UK Product Governance Requirements
Solely for the purposes of the product governance requirements of Chapter 3 of
the FCA Handbook Product Intervention and Product Governance Sourcebook (the
"UK MiFIR Product Governance Requirements"), and disclaiming all and any
liability, whether arising in tort, contract or otherwise, which any
"manufacturer" (for the purposes of the UK MiFIR Product Governance
Requirements) may otherwise have with respect thereto, the Retail Offer Shares
have been subject to a product approval process, which has determined that the
Retail Offer Shares are: (i) compatible with an end target market of retail
investors and investors who meet the criteria of professional clients and
eligible counterparties, each as defined in paragraphs 3.5 and 3.6 of COBS;
and (ii) eligible for distribution through all permitted distribution channels
(the "Target Market Assessment"). Notwithstanding the Target Market
Assessment, distributors should note that: the price of the Retail Offer
Shares may decline and investors could lose all or part of their investment;
the Retail Offer Shares offer no guaranteed income and no capital protection;
and an investment in the Retail Offer Shares is compatible only with investors
who do not need a guaranteed income or capital protection, who (either alone
or in conjunction with an appropriate financial or other adviser) are capable
of evaluating the merits and risks of such an investment and who have
sufficient resources to be able to bear any losses that may result therefrom.

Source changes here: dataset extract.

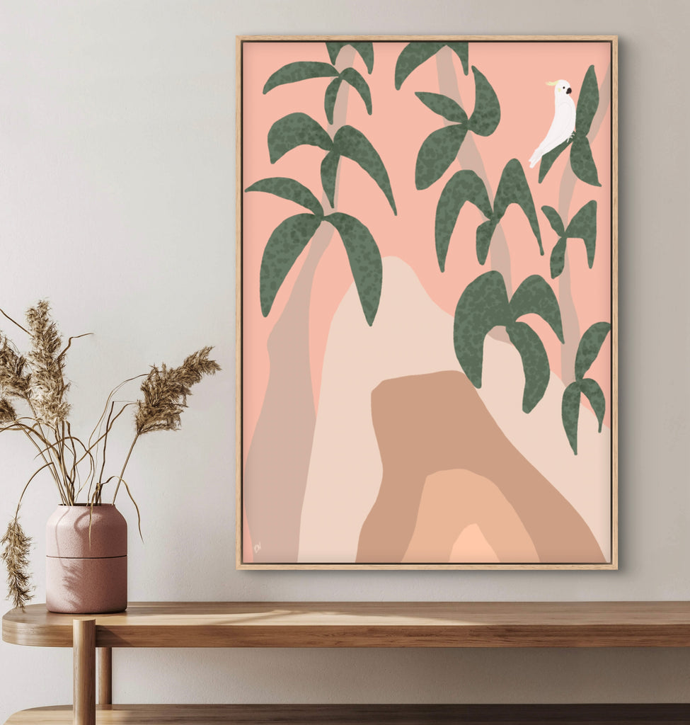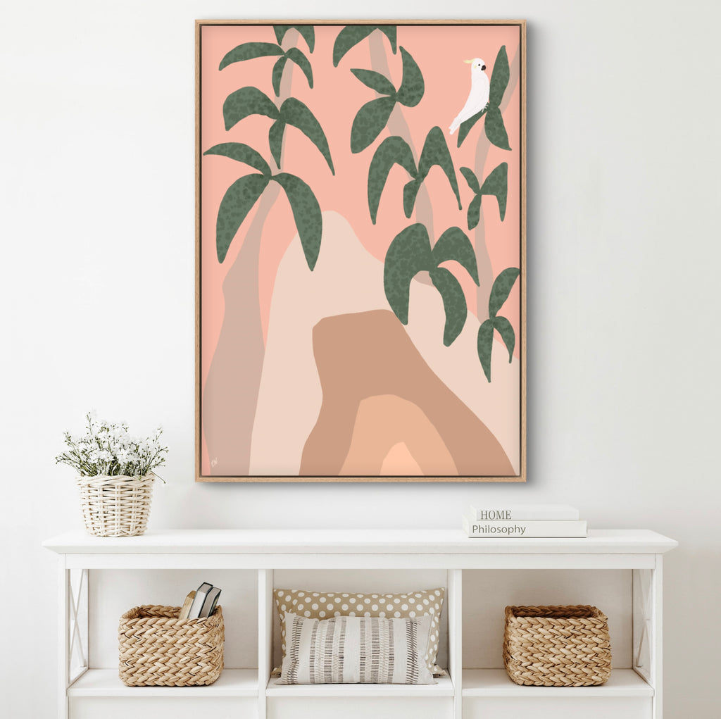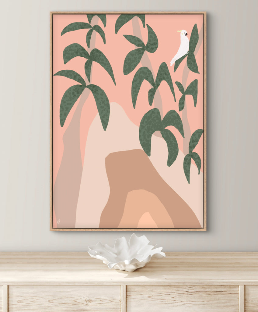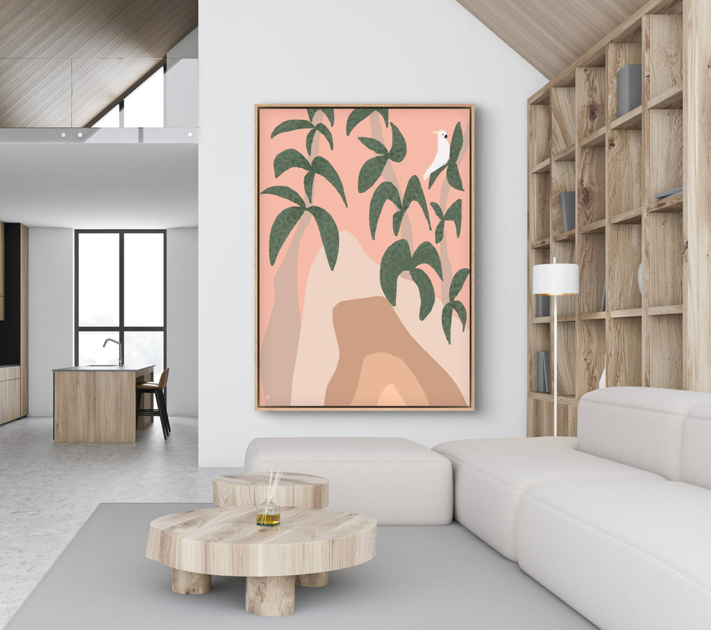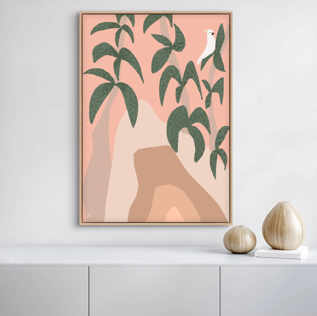 Float framed in premium 1cm wide x 5.5cm deep Tasmanian Oak, Matte White or Matte Black Frame, with a 5mm ‘shadow’ line between frame and canvas. Ready to hang.

The Target Market Assessment is without prejudice to any contractual, legal or
regulatory selling restrictions in relation to the Retail Offer.
For the avoidance of doubt, the Target Market Assessment does not constitute:
(a) an assessment of suitability or appropriateness for the purposes of
Chapters 9A or 10A respectively of COBS; or (b) a recommendation to any
investor or group of investors to invest in, or purchase, or take any other
action whatsoever with respect to the Retail Offer Shares. Each distributor is
responsible for undertaking its own target market assessment in respect of the
Retail Offer Shares and determining appropriate distribution channels.